The Food and Drug Administration has approved Lonsurf (trifluridine and tipiracil; Taiho Oncology) for the treatment of adult patients with metastatic gastric or gastroesophageal junction (GEJ) adenocarcinoma previously treated with at least 2 prior lines of chemotherapy that included a fluoropyrimidine, a platinum, either a taxane or irinotecan, and if appropriate, HER2/neu-targeted therapy.
The approval was based on data from the phase 3 TAGS trial (N=507) which evaluated Lonsurf plus best supportive care (BSC) vs placebo plus BSC in patients with advanced gastric cancer; the major efficacy outcome measure was overall survival (OS). Results from the study showed a significant improvement in OS with Lonsurf compared with placebo (median OS: 5.7 months vs 3.6 months; hazard ratio [HR] 0.69, 95% CI: 0.56, 0.85; P=.0006). The most common treatment-related adverse reactions or lab abnormalities (≥10% in incidence) reported in the study were neutropenia, anemia, nausea, decreased appetite, thrombocytopenia, vomiting, and diarrhea.

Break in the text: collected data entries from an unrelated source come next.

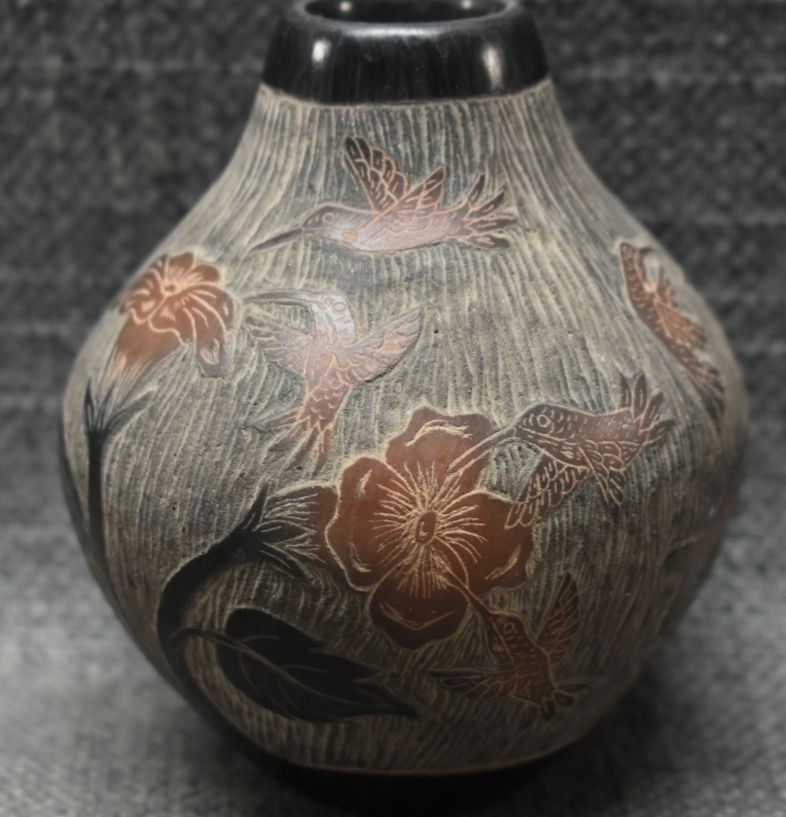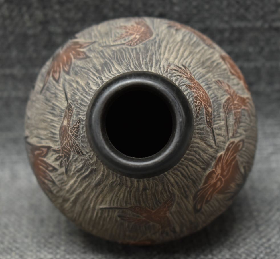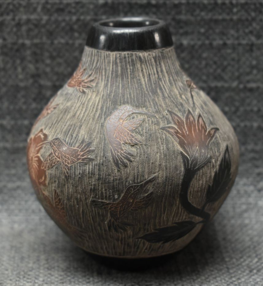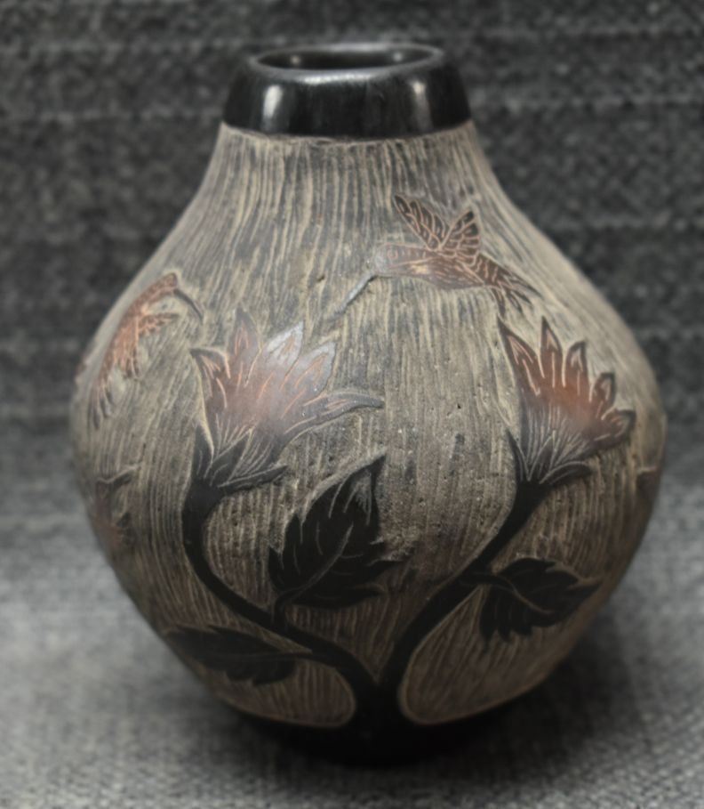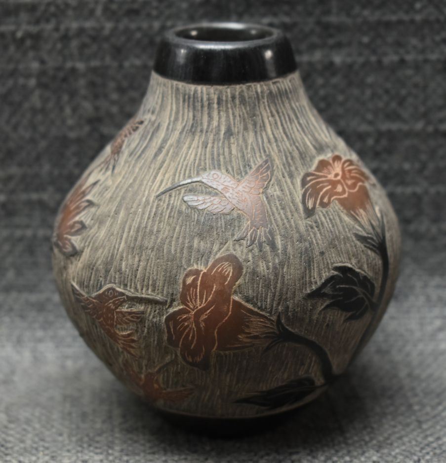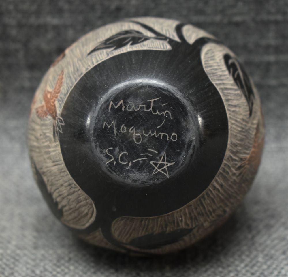 1990's Santa Clara, hand coiled with sgraffito humming bird design signed Martin Moquino 4" x 3"
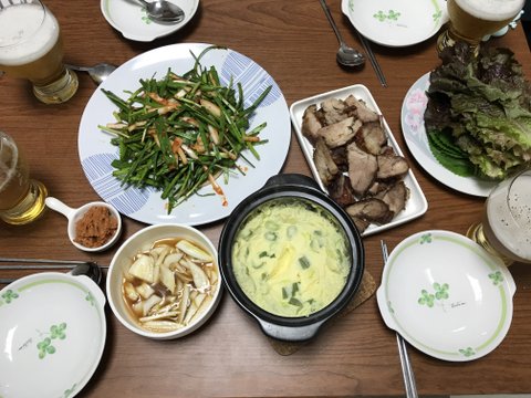 에어프라이어 샀다고 자랑하려고 한 수육과 부추무침ㅋㅋ
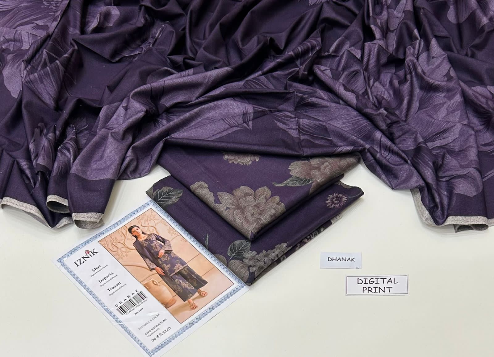 DHANAK 3PC With Digital Printed Shawl (FREE DELIVERY)

Lonsurf consists of a thymidine-based nucleoside analog, trifluridine, and the thymidine phosphorylase inhibitor, tipiracil. Following uptake into cancer cells, trifluridine is incorporated into DNA, interferes with DNA synthesis and inhibits cell proliferation. In addition to the metastatic gastric cancer indication, Lonsurf is also indicated for the treatment of adult patients with metastatic colorectal cancer previously treated with fluoropyrimidine-, oxaliplatin- and irinotecan-based chemotherapy, an anti-VEGF biological therapy, and if RAS wild-type, an anti-EGFR therapy.
“The approval of Lonsurf represents a significant milestone for patients living with advanced gastric or GEJ adenocarcinoma who have limited effective treatment options after standard treatment options have failed,” said Timothy Whitten, President and Chief Executive Officer, Taiho Oncology, Inc.
Lonsurf is available in 2 dosage strengths: 15mg/6.14mg and 20mg/8.19mg tablets.